La mancata integrazione del contraddittorio ha come unica conseguenza l’estinzione immediata del processo

Il termine concesso dal giudice per l’integrazione del contraddittorio nei casi previsti dall’art. 102 c.p.c. ha natura perentoria e non può essere né rinnovato né prorogato ai sensi dell’art. 153 codice di rito.

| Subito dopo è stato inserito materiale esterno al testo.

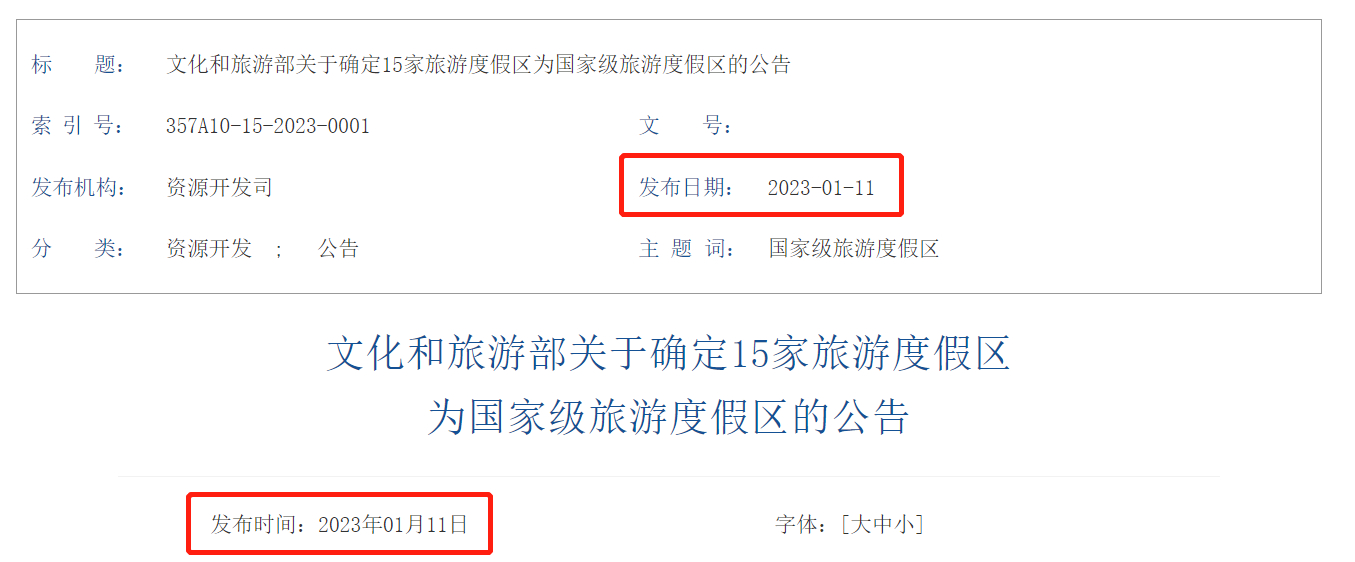 根据中华人民共和国国家标准《旅游度假区等级划分》与《国家级旅游度假区管理办法》,经有关省(区、市)文化和旅游行政部门推荐,文化和旅游部按程序组织认定并完成公示,确定以下15家旅游度假区为新一批国家级旅游度假区。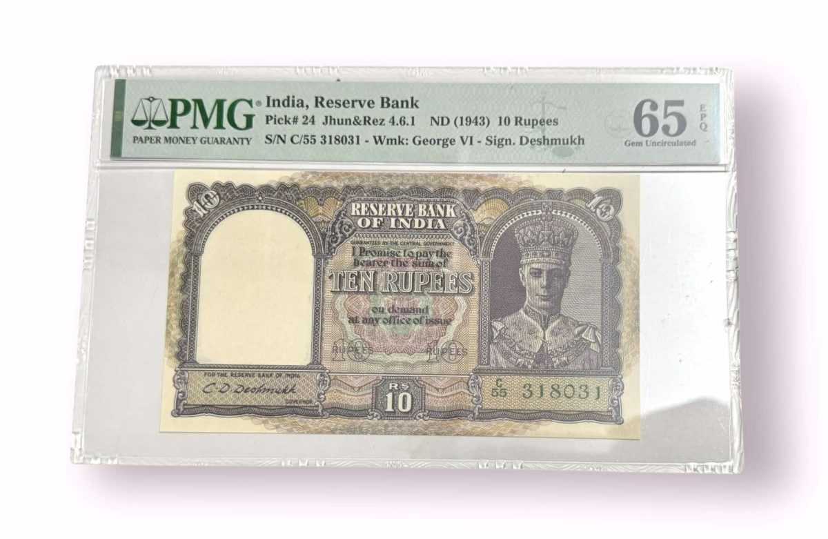 Rs 10 King George VI British India Issue PMG Graded 65 EPQ Very Unique and Rare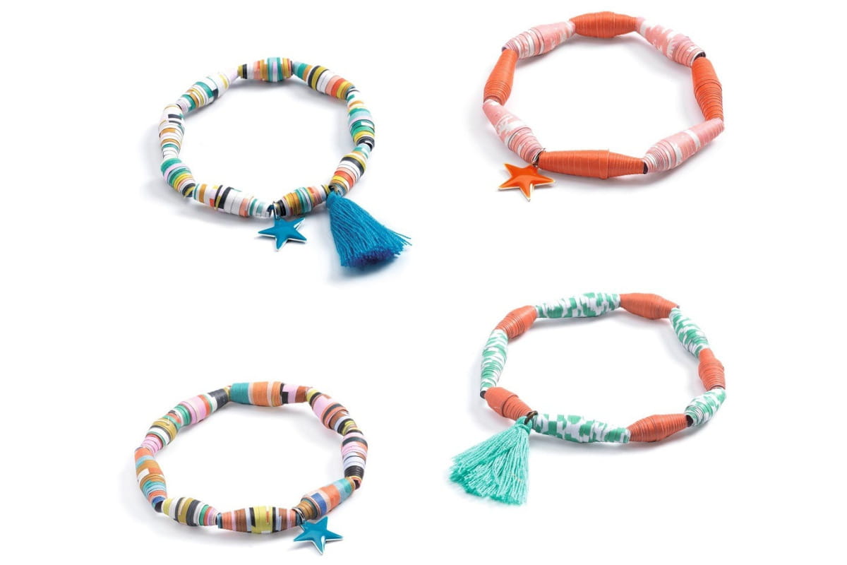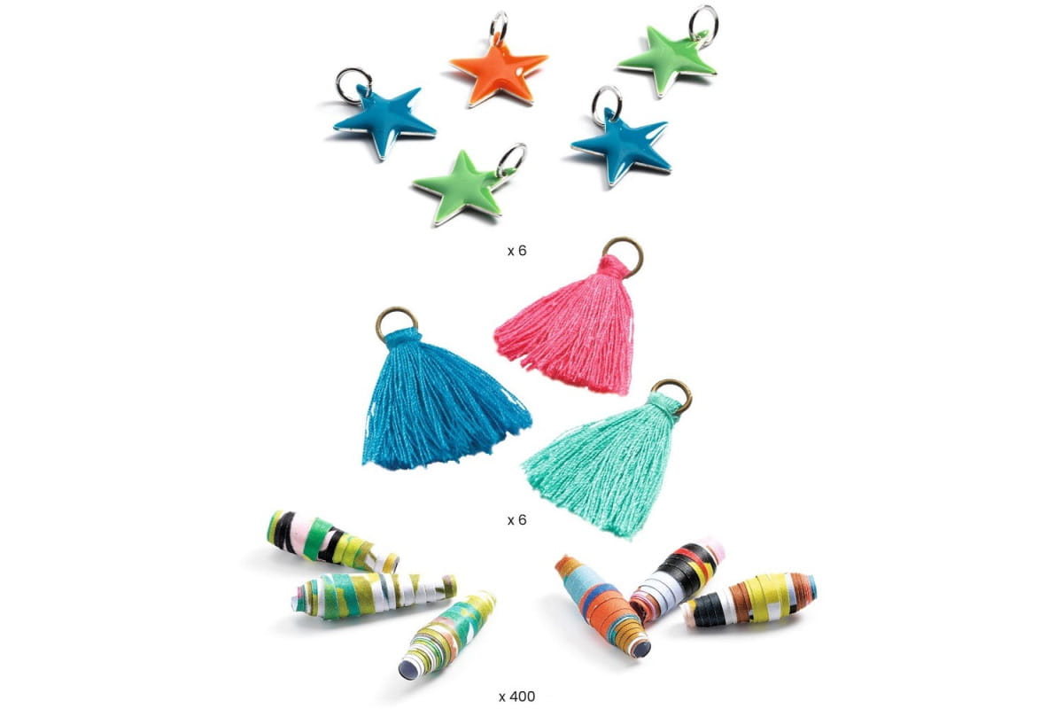 Kreatywny zestaw francuskiej marki zabawek Djeco umożliwi wykonanie samodzielnie bransoletek oraz elementów do nich. Zestaw składa się z 20. kolorowych kartek, 6. patyczków, 6 elastycznych wstążek, 6 zawieszek w kształcie gwiazdek, 6 pomponów, klej w sztyfcie oraz instrukcję.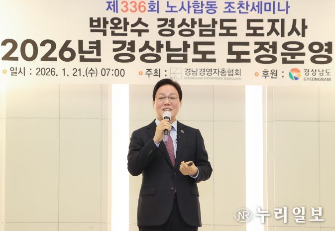 (누리일보) 경상남도는 21일 오전 창원 인터내셔널호텔에서 열린 ‘제336회 노사합동 조찬세미나’에서 도정 비전과 주요 정책 방향을 공유했다.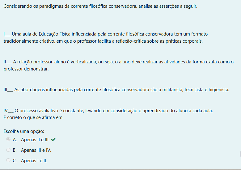Considerando paradigmas da corrente conservadora, analise as asserções a seguir. Uma aula de Educação Física influenciada pela corrente filosófica conservadora tem um formato tradicionalmente criativo, em que O professor facilita a reflexão-crítica sobre as práticas corporais. II A relação professor-aluno é verticalizada, ou seja, O aluno deve realizar as atividades da forma exata como O professor demonstrar. III As abordagens influenciadas pela corrente filosófica conservadora são a militarista, tecnicista e higienista. IV_O processo avaliativo é constante, levando em consideração O aprendizado do aluno a cada aula. É correto O que se afirma em: Escolha uma opção: A. Apenas II e III. B. Apenas III e IV. C. Apenas I e II.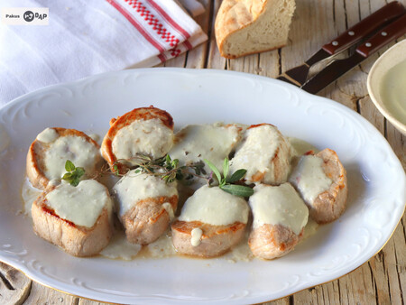Tras cinco minutos, trituramos la salsa con la batidora de mano. Colocamos los medallones de solomillo de cerdo en una fuente y cubrimos con la salsa de queso roquefort, disponiendo el resto en un cuenco para quien quiera servirse más. Servimos este plato muy caliente.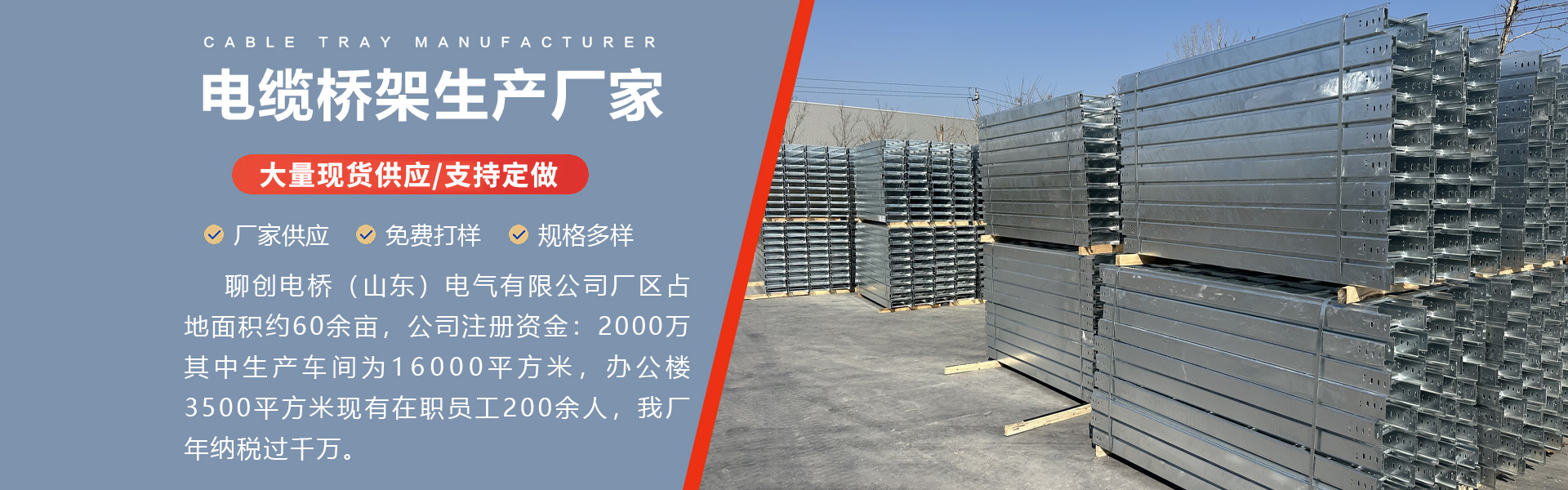 公司簡介 聊創(chuàng)電橋(山東)電氣有限公司是一家專注于電纜橋架研發(fā)、生產、銷售和服務的企業(yè)。公司坐落于山東省聊城市東昌府區(qū)鳳凰工業(yè)園緯四路 16 號,地理位置優(yōu)越,交通便利,廠區(qū)占地面積約60 余畝,其中生產車間為 16000平方米,辦公樓3500平方米,現有在職員工 200 余人,我廠年納稅過千萬。 公司主營產品: 電纜橋架:槽式、梯式、托盤式、網格式等全系列電纜橋架產品,滿足不同場景需求。 母線槽:空氣型、密集型、耐火型等母線槽產品,為電力傳輸提供高效解決方案。 線槽支架:自主研發(fā)的線槽支架系統,有效提升電纜橋架和母…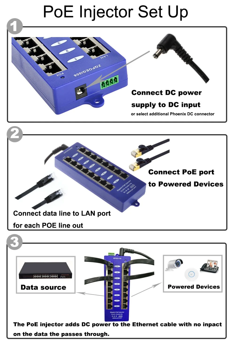 Инжектор ZQPOEIG008 Power over Ethernet (POE) позволяет подключать до 8 устройств удаленно через проводку ethernet до 328 футов (100 метров). Добавьте PoE возможность к любому Ethernet-коммутатору или маршрутизатору. Используйте это устройство для включения питания в Кабель CAT-5, CAT-6 или CAT-7 и устройства питания, такие как камеры, VOIP телефоны и точки доступа Wi-Fi.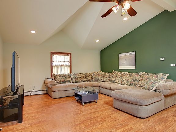 Expanded Custom Cape with 3 bedrooms on second level and a full bath on each level! Large addition great room with vaulted ceilings office area & 2 double closets. Walk into the living room with hardwood floors with inlay and gaze into the fireplace for those wintry nights. Dining room has continuation of inlay flooring. Kitchen with breakfast bar and eat in area open to sun room. 1 bedroom on 1st floor. Screened in porch off kitchen with sliding glass doors to deck. The lower level has rec room and office plus utility room with boiler, water softener, and hot water heater, plus laundry area. Over sized one car garage with opener and separate driveway, one of 2. Plenty of parking. Close to train and downtown Denville for shopping. Dead end street. Parking for 6 cars plus gravel area which holds 2.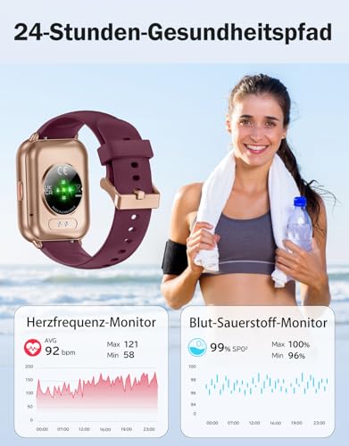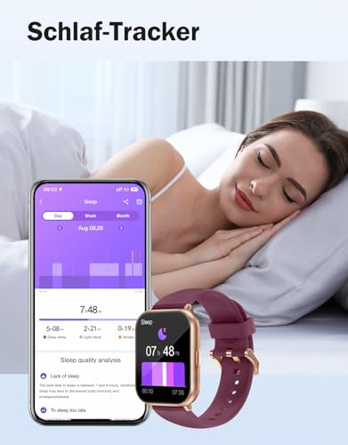 Herzfrequenz, Blutsauerstoff und Schlaferkennung Die Fitnessuhr kann Ihre Herzfrequenz in Echtzeit, Ihre Schlafqualität (leicht, tief, wach) und Ihren Blutsauerstoff SpO2 Wert genau überwachen. Sie zeichnet Ihre Schritte, Distanz und verbrannten Kalorien auf, um Ihnen dabei zu helfen, einen gesünderen Lebensstil zu entwickeln.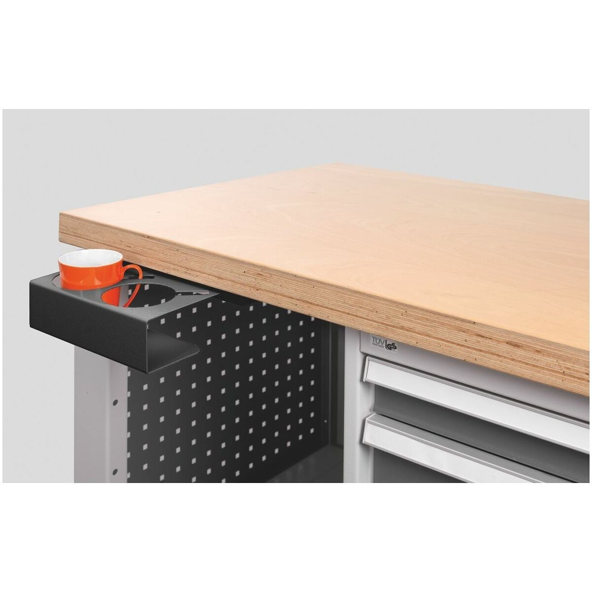 Mugghållare för montering under bänkskivan på arbetsplatsen. Våra mugghållare har ett urtag för muggarnas öra.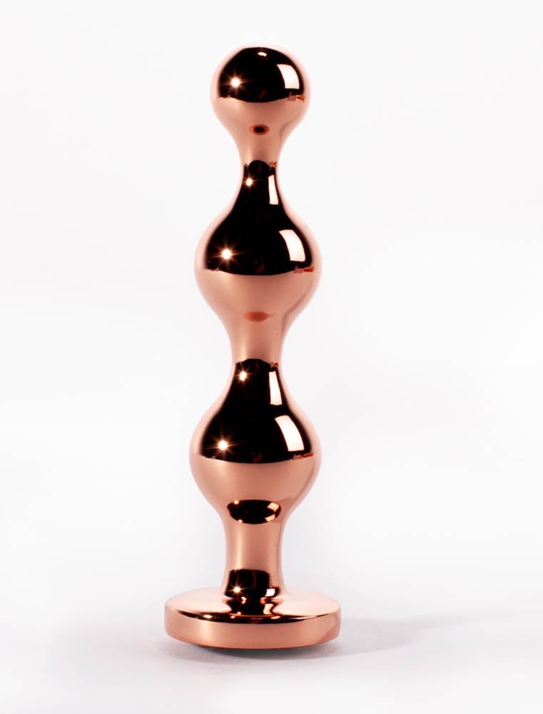 Sphincter dilator and relaxer with three spherical stimulators of different diameters. Unisex, recommended for both men and women. The shiny metal surface glides easily and allows very comfortable penetration. The base is diamond textured and is offered in several colour variations. Cleaning : wash with lukewarm soapy water and utility cleaner before and after each use. A water-based lubricant is recommended.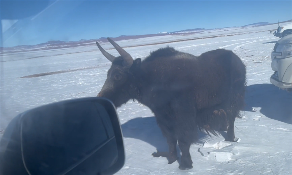 大家都知道,野牦牛发起脾气来,能把汽车顶翻了!还曾有野牦牛见到汽车,就追上去,想冲击汽车呢。但现在,母野牦牛却要借助汽车躲避,它终于可以喘口气了。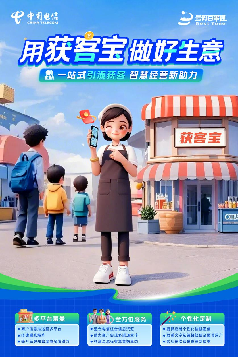 如果说曝光是引流的前提,服务则是转化的保障。“获客宝”通过整合中国电信综合信息资源与互联网力量,提供店铺维系、图片更新、视频/海报、商品推广、活动推广、挂机名片等一站式服务,构建从拉新、转化到留存的全流程智慧营销生态。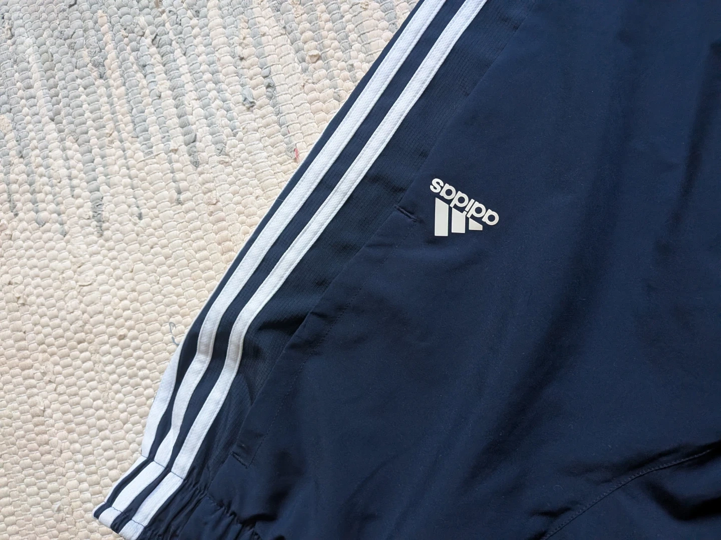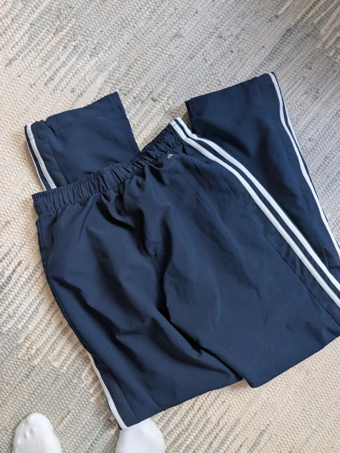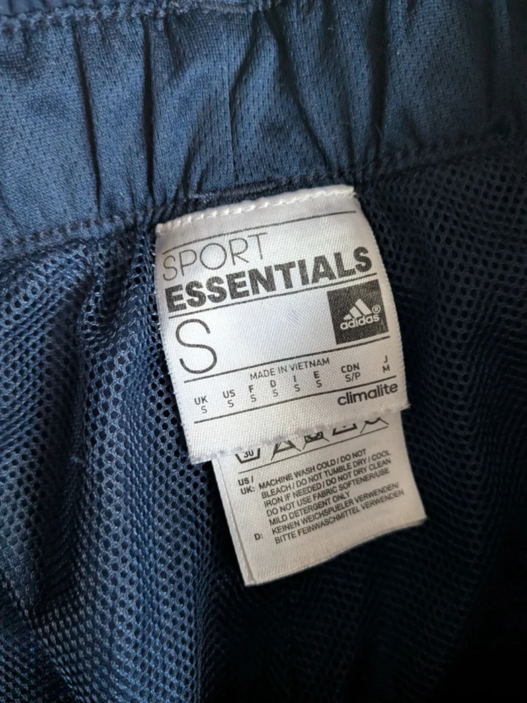 Navy blue Adidas track pants with white stripes. Features a climalite fabric for breathability. Size S. Cinchable ankles. Great condition.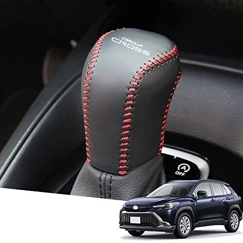 新型カローラクロス(Corolla Cross) ZSG10 ZVG11 ZVG15 10系(2021年9月~)専用本革材質シフトノブカバー 内装カスタムパーツ アクセサリー爪キズ防止 取り付け簡単 車種専用設計(黒(赤ステッチ))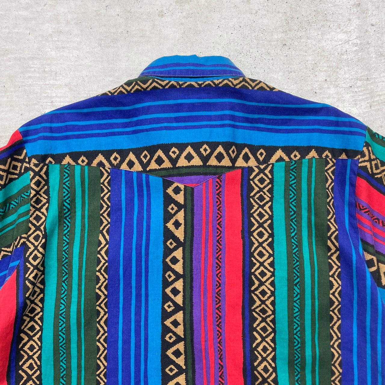 90年代 Wrangler WESTERN SHIRTS ラングラー ネイティブ柄 半袖シャツ ウエスタンシャツ 総柄 メンズL 古着 90s ヴィンテージ VINTAGE ボタンダウン 【半袖シャツ】/マルチカラー【SA2501-50】

La mancata integrazione del contraddittorio comporta l’emissione del provvedimento di cancellazione della causa dal ruolo con conseguente ed automatica estinzione del processo. La fattispecie. Nel caso in esame la Corte d’Appello aveva disposto la rinnovazione della notifica dell’atto di appello in quanto invalido ai sensi dell’art. 330 codice di rito. L’appellante, in ottemperanza a tale decisione, aveva disposto una nuova notifica presso il domicilio eletto nonostante il decorso del termine lungo di prescrizione. Di conseguenza il Giudice di gravame, preso atto che la nuova notifica andava eseguita alle parti direttamente e non nel domicilio eletto, aveva disposto la cancellazione dalla causa da ruolo. D’altronde essendo nulla la notifica, ha sostenuto la Corte, non è possibile concedere un ulteriore termine alla parte. La tesi del ricorrente. A dire del ricorrente la Corte d’Appello avrebbe errato nel dichiarare l’estinzione d’ufficio in quanto detta deve essere sollevata dalla parte interessata. Inammissibilità dei motivi. In primo luogo il Supremo Collegio ribadisce il proprio orientamento asserendo che il ricorso deve essere dichiarato inammissibile qualora i motivi siano privi di una possibilità di accoglimento. La giurisprudenza costante sul punto. Difatti, sul punto, vi è una giurisprudenza consolidata la quale sostiene che, nell’ipotesi di mancata integrazione del contraddittorio nei confronti dei litisconsorti necessari, determina automaticamente la cancellazione della causa dal ruolo, come imposto dall’art. 330 codice di rito, con conseguente estinzione del giudizio. Ciò senza la necessità che una delle parti interessate sollevi la relativa eccezione trattandosi di un provvedimento che implica una pronuncia di mero rito cognitiva dell’impossibilità di proseguire la causa in mancanza di una parte necessaria.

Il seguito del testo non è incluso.